* [Your assignment]: Where the line containing "一面の芝桜やポピーなど色とりどりのお花が咲き誇っていました" appears in the records below, begin there and repeat each line exactly through the final one, dropping all pictures.

Top of Listed records

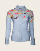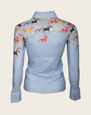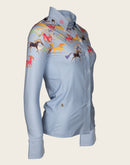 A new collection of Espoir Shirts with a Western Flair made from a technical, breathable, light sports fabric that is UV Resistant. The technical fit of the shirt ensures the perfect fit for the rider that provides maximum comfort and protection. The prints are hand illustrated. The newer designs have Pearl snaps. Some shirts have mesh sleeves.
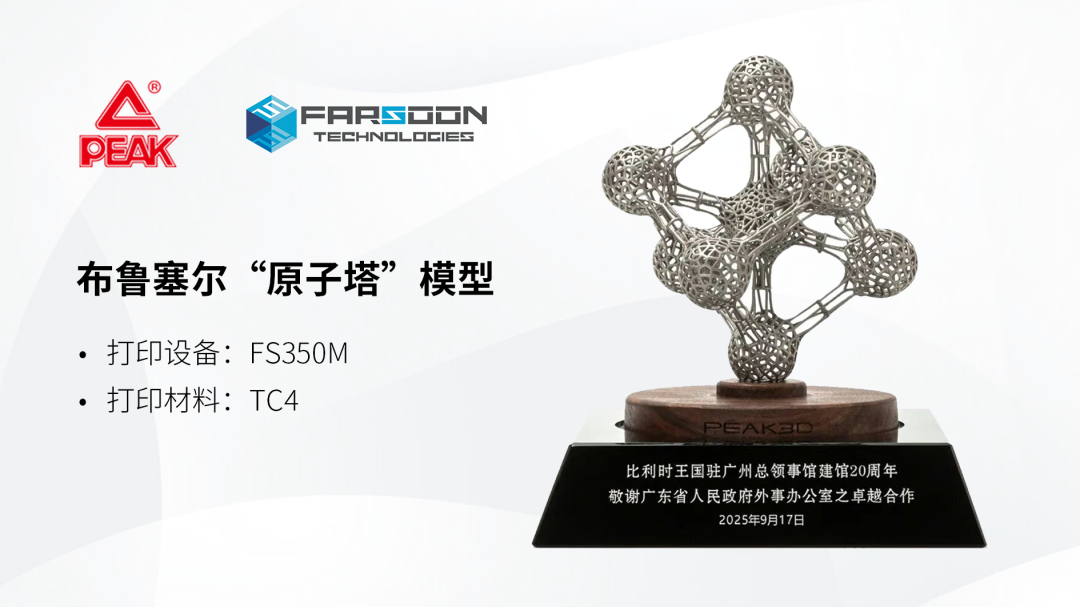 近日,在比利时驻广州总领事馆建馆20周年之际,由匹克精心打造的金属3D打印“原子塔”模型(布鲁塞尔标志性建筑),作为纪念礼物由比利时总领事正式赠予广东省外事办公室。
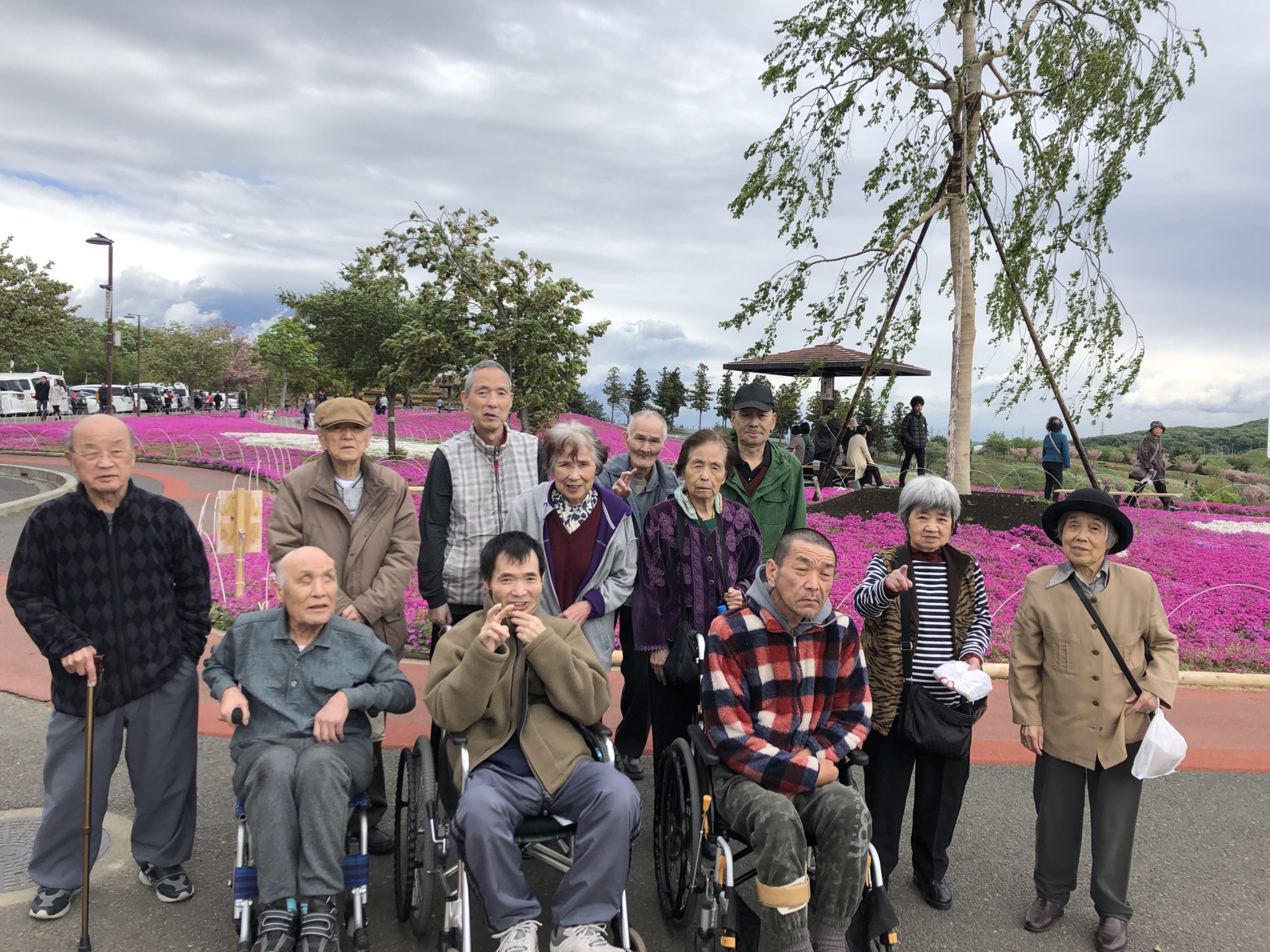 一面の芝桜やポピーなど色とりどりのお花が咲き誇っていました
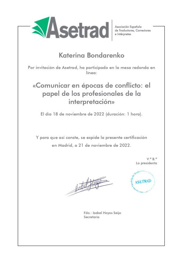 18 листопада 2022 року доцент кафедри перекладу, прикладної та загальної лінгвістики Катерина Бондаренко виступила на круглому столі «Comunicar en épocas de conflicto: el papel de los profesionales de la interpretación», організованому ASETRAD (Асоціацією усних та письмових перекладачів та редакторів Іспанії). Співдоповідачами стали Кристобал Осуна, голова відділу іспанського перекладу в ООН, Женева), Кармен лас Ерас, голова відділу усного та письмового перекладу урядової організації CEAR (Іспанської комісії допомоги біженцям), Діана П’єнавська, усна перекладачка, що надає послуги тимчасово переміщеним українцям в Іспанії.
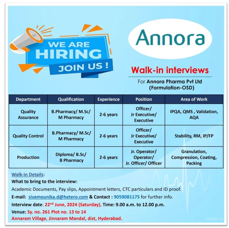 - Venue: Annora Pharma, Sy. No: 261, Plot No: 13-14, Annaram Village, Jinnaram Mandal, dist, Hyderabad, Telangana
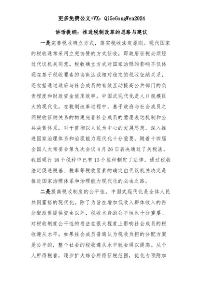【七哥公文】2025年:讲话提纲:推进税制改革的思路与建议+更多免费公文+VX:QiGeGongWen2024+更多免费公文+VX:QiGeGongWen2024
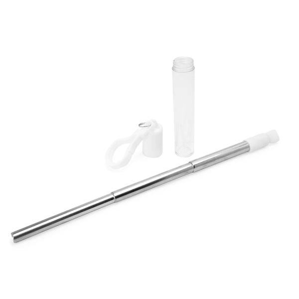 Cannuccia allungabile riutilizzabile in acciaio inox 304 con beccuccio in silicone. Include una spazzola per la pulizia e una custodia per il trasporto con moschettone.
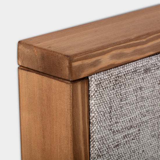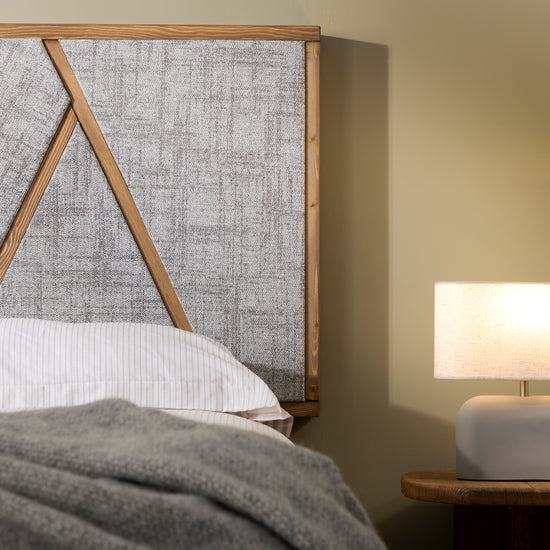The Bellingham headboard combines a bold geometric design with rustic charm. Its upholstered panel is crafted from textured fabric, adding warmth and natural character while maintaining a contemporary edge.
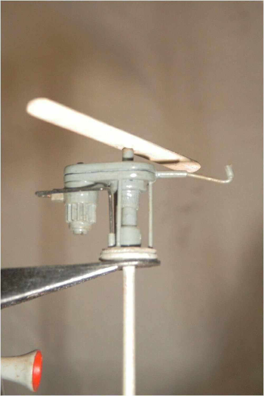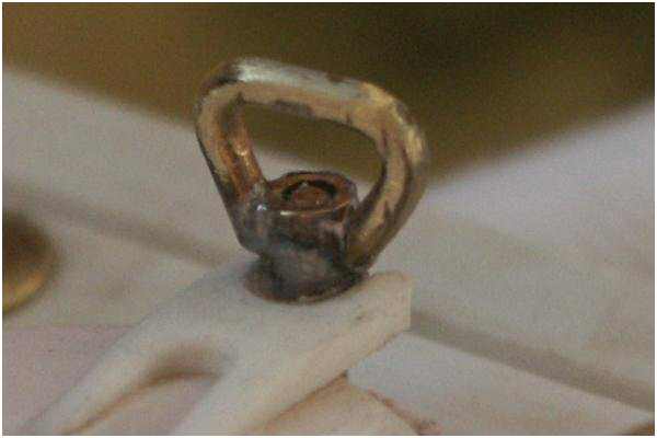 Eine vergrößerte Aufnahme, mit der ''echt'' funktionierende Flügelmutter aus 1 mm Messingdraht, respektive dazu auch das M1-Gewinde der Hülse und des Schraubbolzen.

Bottom of Listed records

* [Final answer]:
 一面の芝桜やポピーなど色とりどりのお花が咲き誇っていました
 18 листопада 2022 року доцент кафедри перекладу, прикладної та загальної лінгвістики Катерина Бондаренко виступила на круглому столі «Comunicar en épocas de conflicto: el papel de los profesionales de la interpretación», організованому ASETRAD (Асоціацією усних та письмових перекладачів та редакторів Іспанії). Співдоповідачами стали Кристобал Осуна, голова відділу іспанського перекладу в ООН, Женева), Кармен лас Ерас, голова відділу усного та письмового перекладу урядової організації CEAR (Іспанської комісії допомоги біженцям), Діана П’єнавська, усна перекладачка, що надає послуги тимчасово переміщеним українцям в Іспанії.
 - Venue: Annora Pharma, Sy. No: 261, Plot No: 13-14, Annaram Village, Jinnaram Mandal, dist, Hyderabad, Telangana
【七哥公文】2025年:讲话提纲:推进税制改革的思路与建议+更多免费公文+VX:QiGeGongWen2024+更多免费公文+VX:QiGeGongWen2024
 Cannuccia allungabile riutilizzabile in acciaio inox 304 con beccuccio in silicone. Include una spazzola per la pulizia e una custodia per il trasporto con moschettone.
The Bellingham headboard combines a bold geometric design with rustic charm. Its upholstered panel is crafted from textured fabric, adding warmth and natural character while maintaining a contemporary edge.
 Eine vergrößerte Aufnahme, mit der ''echt'' funktionierende Flügelmutter aus 1 mm Messingdraht, respektive dazu auch das M1-Gewinde der Hülse und des Schraubbolzen.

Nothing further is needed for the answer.